= Lhasa Donggar Wholesale Market =

Market in Lhasa, Tibet, China

Lhasa Donggar Wholesale Market, or Lhasa Donggar Agricultural Products Wholesale Market (拉萨东嘎农产品批发市场), is a large-scale agricultural products wholesale market in Lhasa, Tibet Autonomous Region of China, located in Sangmu Village, Donggar Subdistrict, Doilungdêqên, Lhasa, and is one of the large-scale agricultural products wholesale markets at the national level in the People's Republic of China.

== Management ==
The wholesale market was built in 2007 and put into use in the same year. The wholesale market is a leading enterprise in the wholesale of agricultural products in the Tibet Autonomous Region.
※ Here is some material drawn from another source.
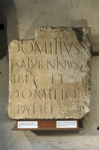 - ISCRIZIONI fronte - [-] Domitius / [-] f(ilius) Saturninus / sibi et / [-] Domitio / patri. - Lettere posate maiuscole - Incisione - latino
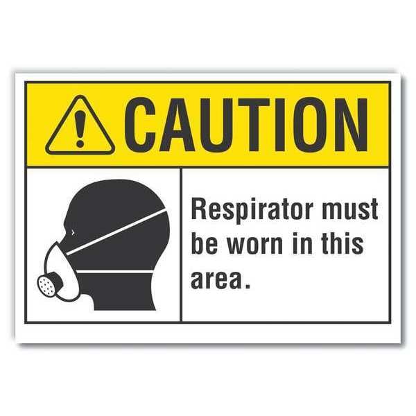 Caution Sign, Vertical Rectangle, Number of Printed Sides 1, English, Sign Format ANSI/OSHA Format, Sign Legend Respirator Must Be Worn In This Area, Sign Legend Background Color Yellow, Sign Legend Style Symbol and Text

The market comprises 12 specialized zones, including fresh produce, frozen goods, Tibetan medicinal herbs, and regional specialties like yak meat and highland barley. Facilities include 3,200 temperature-controlled stalls, a 6,000 m² cold storage (−25°C capacity), and a 24/7 pesticide residue lab testing 400+ samples monthly. Since 2018, it has integrated blockchain-based supply chain tracking for yak dairy products.

Notable for its high-altitude logistics, the market sources vegetables from Sichuan and Yunnan via the Qinghai-Tibet Highway, utilizing oxygen-controlled trucks to preserve freshness. It supplies 80% of Lhasa's hotels and schools, with annual transactions surpassing ¥9 billion (2023 data).